The indictment also alleges that from in or about January 2008 to in or about 2009, Wills, her co-defendant, Gibson, and others engaged in an illegal kickbacks scheme involving power wheelchairs. According to information contained in the indictment, Wills used her position with her employer to submit fictitious referrals for patients to receive medically unnecessary power wheelchairs from Gibson’s employer. In some instances, Wills forged a physician’s signature on required qualification documents, while Gibson tracked and directed payment for those referrals. The indictment also alleges that the defendants and others attempted to conceal the illegal kickback payments by falsely representing on invoices and checks that the payments were for nursing and billing services. This scheme resulted in payments for the medically unnecessary equipment from Medicare and Medicaid in excess of $300,000.

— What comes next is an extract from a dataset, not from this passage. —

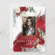 Ihr Foto Seasons' Greetings - Triple Gold Foto Rahmen - mit einem großen, fetten Farbstrich in einem metallischen Rot quer über die Seite und hinter dem Foto. Eukalyptus-Grünpflanzen und knallrote und Elfenbeincreme-Blume-Blumensträuße schmücken die Ecken. Design erstellt von © WhimsicalArtwork™ Individualisieren Sie Text, Schriftart Stil, Farbe und Größe. Wir haben diese Vorlage erstellt, um es Ihnen leicht zu machen, mit Ihren eigenen Informationen zu personalisieren. Dies ist Teil einer kompletten Hochzeitsgeschosse Suite mit passender Hochzeit, Babydusche und anderen Veranstaltungsportalen.

The indictment also alleges that from in or about 2008 to in or about January 2011, Wills and Gibson engaged in a conspiracy to distribute controlled substances. The indictment alleges that Wills forged a physician’s signature on prescription pads she misappropriated from her employer, and issued fraudulent prescriptions in Gibson’s name. The prescriptions were written for controlled substances including oxycodone and hydrocodone/acetaminophen pills. According to the indictment, Gibson then used her health insurance prescription benefit program to pay for the fraudulent prescriptions resulting in payments of over $30,000 for these fraudulent prescriptions. Wills and Gibson obtained and illegally distributed approximately 3,000 oxycodone pills, and approximately 5,000 hydrocodone/acetaminophen pills.

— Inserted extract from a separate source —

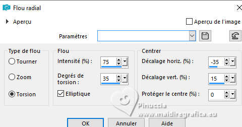 Ce tutoriel a été créé avec CorelX17, mais il peut également être exécuté avec les autres versions. Pour traduire le tutoriel j'ai utilisé CorelX17 pour l'italien et CorelX2 pour le français. Suivant la version utilisée, vous pouvez obtenir des résultats différents. Depuis la version X4, la fonction Image>Miroir a été remplacée par Image>Renverser horizontalement, et Image>Renverser avec Image>Renverser verticalement. Dans les versions X5 et X6, les fonctions ont été améliorées par la mise à disposition du menu Objets. Dans la nouvelle version X7, nous avons à nouveau Miroir/Renverser, mais avec autres différences. Voir plus les détails à ce sujet ici Certaines dénominations ont changées entre les versions de PSP. Les plus frequentes dénominations utilisées: ![]() Traduction en italien ici Vos versions iciNécessaire pour réaliser ce tutoriel: ![]() (les liens des sites des tubeuses ici) ![]() consulter, si nécessaire, ma section de filtre ici Filters Unlimited 2.0 ici Filter Factory Gallery D - Vortex ici VM1 - Web Weaver (à importer dans Unlimited) ici AP 01 [Innovations] - Lines SilverLining ici Flaming Pear - Flexify 2 ici AAA Frames - Texture Frame ici Filtres Factory Gallery peuvent être utilisés seuls ou importés dans Filters Unlimited. voir comment le faire ici). Si un filtre est fourni avec cette icône, ![]() Si vous voulez utiliser vos propres couleurs, n'hésitez pas à changer le mode et l'opacité des calques Dans les plus récentes versions de PSP, vous ne trouvez pas le dégradé d'avant plan/arriére plan ou Corel_06_029. Vous pouvez utiliser le dégradé des versions antérieures. Ici le dossier Dégradés de CorelX. ![]() 1. Placer en avant plan la couleur #8d7151, et en arrière plan la couleur blanche #ffffff. Préparer en avant plan un dégradé de premier plan/arrière plan, style Halo. ![]() 2. Ouvrir une nouvelle image transparente 900 x 650 pixels. ![]() Remplir l'image transparente du dégradé.3. Sélections>Sélectionner tout. Ouvrir lady-250.png ![]() Édition>Copier. Revenir sur votre travail et Édition>Coller dans la sélection. Sélections>Désélectionner tout. 4. Réglage>Flou>Flou radial. ![]() Effets>Effets de bords>Accentuer davantage. 5. Effets>Modules Externes>Filters Unlimited 2.0 - Filter Factory Gallery D - Vortex ![]() Effets>Effets de bords>Accentuer davantage. 6. Calques>Dupliquer. Effets>Modules Externes>Filters Unlimited 2.0 - VM1 - Web Weaver. ![]() 7. Calques>Dupliquer. Effets>Modules Externes>Flaming Pear - Flexify 2. ![]() 8. Effets>Effets 3D>Ombre portée, couleur noire. ![]() 9. Objets>Aligner>Bas ![]() ![]() 10. Calques>Dupliquer. Image>Redimensionner, à 80%, redimensionner tous les calques décoché. ![]() 11. Image>Miroir>Miroir vertical (Image>Renverser). 12. Touche K sur le clavier pour activer l'outil Sélecteur ![]() et placer Position horiz.: 53,00 et Position vert.: 2,00. ![]() Touche M pour désélectionner l'outil. 13. Calques>Fusionner>Fusionner le calque de dessous. Vous positionner sur le calque de dessous, Copie de Raster 1. 14. Effets>Modules Externes>AP 01 [Innovations] - Lines SilverLining. ![]() 15. Édition>Coller comme nouveau calque (le tube lady-250.png est toujours en mémoire). Calques>Agencer>Placer en haut de la pile. Touche K pour activer l'outil Sélecteur ![]() et placer Position horiz.: 133,00 et Position vert.: 52,00. ![]() 16. Effets>Effets 3D>Ombre portée, couleur noire, ou à choix. ![]() 17. Ouvrir deco-25 ![]() Édition>Copier. Revenir sur votre travail et Édition>Coller comme nouveau calque. Placer Position horiz.: 678,00 et Position vert.: 25,00. ![]() Touche M pour désélectionner l'outil. 18. Image>Ajouter des bordures, 1 pixel, symétrique, couleur foncée. Image>Ajouter des bordures, 2 pixels, symétrique, couleur claire. Image>Ajouter des bordures, 1 pixel, symétrique, couleur foncée. Sélections>Sélectionner tout. Image>Ajouter des bordures, 50 pixels, symétrique, couleur claire. Sélections>Inverser. 19. Effets>Effets 3D>Ombre portée, couleur noire. ![]() 20. Effets>Modules Externes>AAA Frames - Texture Frame. ![]() 21. Sélections>Inverser. Effets>Effets 3D>Ombre portée, couleur noire, ou à choix. ![]() Sélections>Désélectionner tout. 22. Réglage>Traitement optimal des photos, par défaut, ou à choix. 23. Signer votre travail sur un nouveau calque. Calques>Fusionner>Tous et enregistrer en jpg. Pour les tubes de ces versions merci Beatriz ![]() Maryse ![]() ![]() Si vous avez des problèmes, ou des doutes, ou vous trouvez un link modifié, ou seulement pour me dire que ce tutoriel vous a plu, vous pouvez m'écrire. |

Gibson was arrested today on the indictment and is currently held in local federal custody. Wills was arrested yesterday in Rowan County on unrelated charges and is currently detained in Rowan County. If convicted, Gibson and Wills face a maximum statutory sentence of ten years in prison on the healthcare fraud conspiracy and a $250,000 fine; five years in prison and a $25,000 fine for the illegal kickbacks charge; and ten years in prison and a $1 million fine for the conspiracy to distribute controlled substances. Wills also faces a penalty of 10 years of imprisonment and a $250,000 fine for the additional charge of healthcare fraud conspiracy.
The investigation into Wills and Gibson was handled by HHS-OIG, FBI, USSS, NC SBI, MIU, CPMD, and Rowan County Sheriff’s Office. The prosecution is being handled by Assistant U.S. Attorney Kelli Ferry of the U.S. Attorney’s Office in Charlotte. An indictment is merely an allegation, and the defendants are presumed innocent unless and until proven guilty beyond a reasonable doubt in a court of law. The investigation and charges are the work of the Western District’s joint Health Care Fraud Task Force. The Task Force is a multi-agency team of experienced federal and state investigators, working in conjunction with criminal and civil Assistant United States Attorneys, dedicated to identifying and prosecuting those who defraud the health care system, and reducing the potential for health care fraud in the future. The Task Force focuses on the coordination of cases, information sharing, identification of trends in health care fraud throughout the region, staffing of all whistle blower complaints, and the creation of investigative teams so that individual agencies may focus their unique areas of expertise on investigations. The Task Force builds upon existing partnerships between the agencies and its work reflects a heightened effort to reduce fraud and recover taxpayer dollars.